> _About this exercise_
Where a picture appears in the data below, exclude it; restate everything else word for word.

:: Information supplied

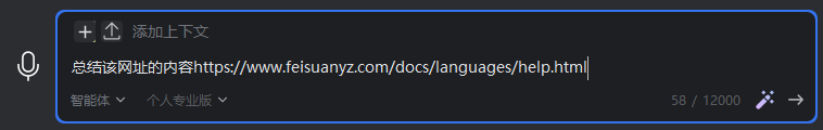 - 在智能体会话模式下,输入需求:总结该网址的内容https://www.feisuanyz.com/docs/languages/help.html
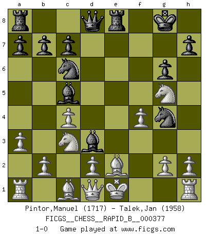 Last move : 1-0 2022 May 8 20:4:25 [Event "FICGS__CHESS__RAPID_B__000377"] [Site "FICGS"] [Date "2022.03.24"] [Round "1"] [White "Pintor,Manuel"] [Black "Talek,Jan"] [Result "1-0"] [WhiteElo "1717"] [BlackElo "1958"] 1.e4 g6 2.f4 d5 3.exd5 Nf6 4.c4 e6 5.dxe6 Nc6 6.exf7+ Kxf7 7.Nf3 Bc5 8.Nc3 Re8+ 9.Be2 Bf5 10.Na4 Bd3 11.Nc3 Ng4 12.Ng5+ Kg8 13.a3 1-0 This chess game has been lost on time (started : 2022.03.24 11:44:51) Robatsch (Modern) defense Player White won this chess game. Follow this game move after move (download)Those who say they understand Chess, understand nothing. (Robert Hubner) Ich bin stolz ein Bulgare zu sein. (Veselin Topalov) Vive, pierde y aprende al observar a tu oponente como gana. (Amber Steenbock) Roi des jeux et jeu des rois, les échecs portent en eux un sentiment d'infini. Ils donnent à celui qui s'est efforcé d'en approfondir les arcanes l'impression de n'être pas à la mesure de l'homme; en fait, ils constituent un résumé de l'univers, un microcosme, et figurent cette grande échelle qui, dans les plans de la lumière descend jusqu'à la matière, qui des abîmes insondables remonte jusqu'en l'infini de Dieu. (Pyrame) A good programmer is someone who always looks both ways before crossing a one-way street. (Doug Linder)
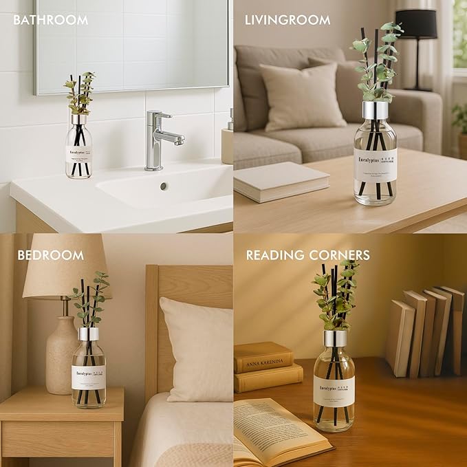 - Long Lasting Scent: Natural rattan reeds ensure that the scent is released slowly and consistently over time, so you can enjoy the fresh eucalyptus scent for weeks or even months, depending on your environment

::::

> _Answer_
 - 在智能体会话模式下,输入需求:总结该网址的内容https://www.feisuanyz.com/docs/languages/help.html
 Last move : 1-0 2022 May 8 20:4:25 [Event "FICGS__CHESS__RAPID_B__000377"] [Site "FICGS"] [Date "2022.03.24"] [Round "1"] [White "Pintor,Manuel"] [Black "Talek,Jan"] [Result "1-0"] [WhiteElo "1717"] [BlackElo "1958"] 1.e4 g6 2.f4 d5 3.exd5 Nf6 4.c4 e6 5.dxe6 Nc6 6.exf7+ Kxf7 7.Nf3 Bc5 8.Nc3 Re8+ 9.Be2 Bf5 10.Na4 Bd3 11.Nc3 Ng4 12.Ng5+ Kg8 13.a3 1-0 This chess game has been lost on time (started : 2022.03.24 11:44:51) Robatsch (Modern) defense Player White won this chess game. Follow this game move after move (download)Those who say they understand Chess, understand nothing. (Robert Hubner) Ich bin stolz ein Bulgare zu sein. (Veselin Topalov) Vive, pierde y aprende al observar a tu oponente como gana. (Amber Steenbock) Roi des jeux et jeu des rois, les échecs portent en eux un sentiment d'infini. Ils donnent à celui qui s'est efforcé d'en approfondir les arcanes l'impression de n'être pas à la mesure de l'homme; en fait, ils constituent un résumé de l'univers, un microcosme, et figurent cette grande échelle qui, dans les plans de la lumière descend jusqu'à la matière, qui des abîmes insondables remonte jusqu'en l'infini de Dieu. (Pyrame) A good programmer is someone who always looks both ways before crossing a one-way street. (Doug Linder)
 - Long Lasting Scent: Natural rattan reeds ensure that the scent is released slowly and consistently over time, so you can enjoy the fresh eucalyptus scent for weeks or even months, depending on your environment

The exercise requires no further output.